Wed. Oct 2nd, 2024

It goes on and on for housing prices in Spain, with a market that is increasingly showing signs of cooling as the economy puts on the brakes. The most intense increase in new construction in sixteen years, of 11%, caused an increase in the average price of housing of 4.5% in the third quarter of this year in relation to the same period last year, according to the data The National Institute of Statistics (INE) published this Tuesday.

The Housing Price Index (IPV) confirms that properties have been increasing for thirty-eight consecutive quarters in Spain. Between July and September, this increase in housing prices has coexisted with an increase in financing costs, both in the supply of variable and fixed mortgages, due to the increase in interest rates that the Bank has been applying. European Central Bank (ECB) to control inflation. In fact, the 12-month Euribor closed the quarter at 4,149%, touching record levels from November 2008.

That 11% increase in newly built homes between July and September means that prices accelerated their increase by more than three points in relation to the previous quarter. The cost of used homes also rose in year-on-year terms, although at a much lower rate, 3.2%, and has been happening uninterruptedly since 2014. If the comparison is made with the previous quarter, used homes rose by 2.2% and the new one increased by 4.1%, so on average housing became more expensive by 2.5%.

The map of increases offers important differences by territory. Thus, the largest year-on-year increases in house prices were recorded in Navarra (7.6%), the Canary Islands (6.6%) and Cantabria (5.9%), while on the opposite side were Castilla La Mancha ( 1%), Extremadura (1.1%) and La Rioja (1.9%).

The Euribor puts on the brakes and the bank moves

As the end of the year approaches, the situation has changed somewhat. The fact that the ECB decided to put the brakes on rate increases has allowed the Euribor to relax and set half-year lows at the start of December. This has begun to cause movements in the banking sector, which has begun to modify the conditions of its mortgages in order to attract new clients, given the weakness in demand for loans. The mortgage credit firm sank another 29.6% in September and has accumulated eight consecutive months of decline.
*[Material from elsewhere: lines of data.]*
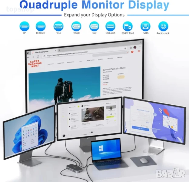 【USB C докинг станция 16 в 1】: Тази докинг станция за два монитора е оборудвана с USB C PD порт (само за зареждане), Gigabit RJ45 порт, 2* 4K HDMI порта, VGA и DisplayPort, слот за SD/TF карта, 2* USB 3.1 порта (до 10Gbps), 2* USB 3.0 порта, 2* USB 2.0 порта и 3.5 мм аудио и микрофон портове. С plug and play връзка, тази USB-C докинг станция може да направи работата ви по-ефективна.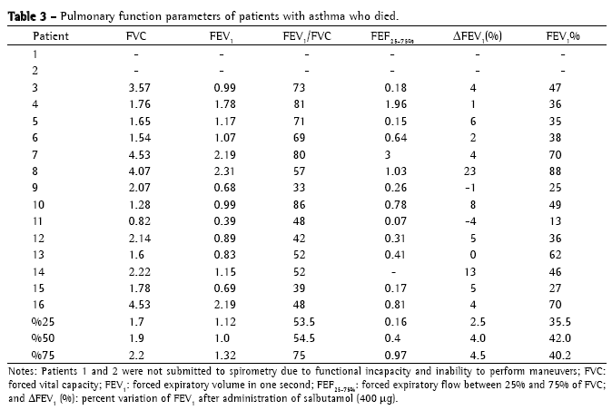 Study design and mortality data collectionThis was a descriptive, retrospective, observational study in which data were collected from the clinical charts and death certificates of 16 patients with asthma monitored at the ProAr Referral Center who ultimately died between December of 2003 and June of 2006. Primary and secondary causes related to mortality, as well as place and time of death, were collected from the death certificates. Demographic and clinical characteristics, as well as details regarding asthma treatment, were collected from the ProAr outpatient clinical charts.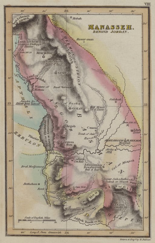 Manasse, bortenfor Jordan (farget gravering)(Manasseh, beyond Jordan (coloured engraving))English School |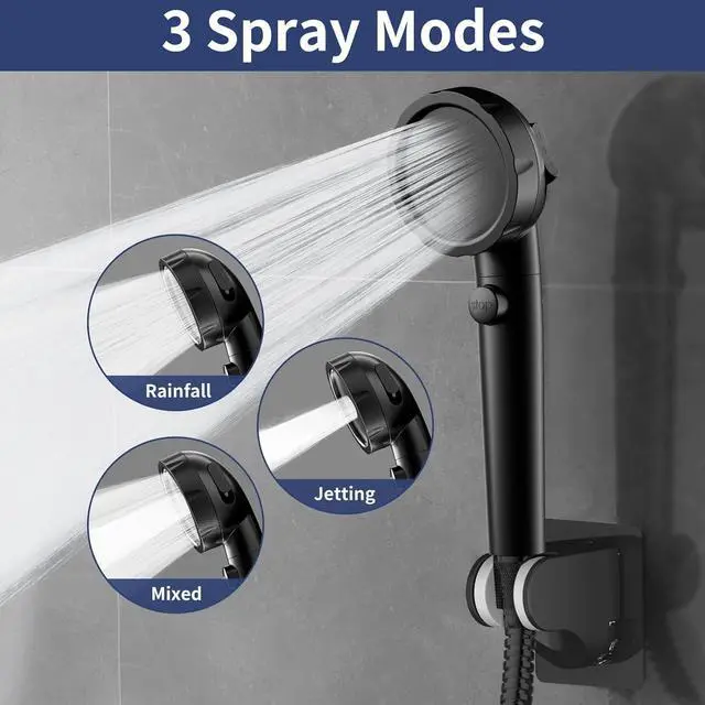MULTI-MODE SHOWERHEADThe camper shower head has 3 practical spray modes for you to choose from, including rain, mixed and jet spray. And the RV shower head with filter can be used as a spray gun by unscrewing the head of the shower. The spot spray mode instantly eliminates stubborn build-up in your bathroom, cleaning bathtubs, tiles, pets and more. A multi-mode shower head set will improve the quality of your daily shower and give you a luxurious bathing experience.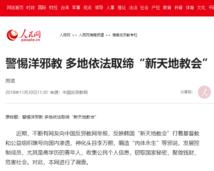 揭批韩国邪教“新天地”报道网页截图1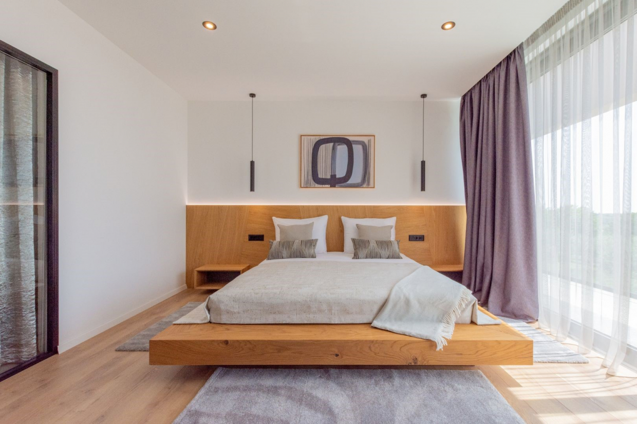Selve villaen kan skryte av et romslig interiør med 320 m² boareal. Med 4 soverom og 6 bad er det god plass til store familier eller vennegrupper. Den åpne stuen og spisestuen er perfekt for underholdning og tilbyr fantastisk utsikt over det omkringliggende landskapet gjennom de store vinduene.

All in all, in a context in which the labor market is resisting, but showing less and less vigor, entities perceive a greater risk in renegotiations in an environment of increasing defaults and this has caused the price of this type of operations to have decreased. shot. According to the Bank of Spain, the TEDR interest rate (which excludes expenses such as commissions or insurance premiums) approached the 5% level in October, standing at 4.72%. They are 13 basis points more than in September, and almost one percentage point compared to the rates applied on new mortgages, which constitutes a record distance.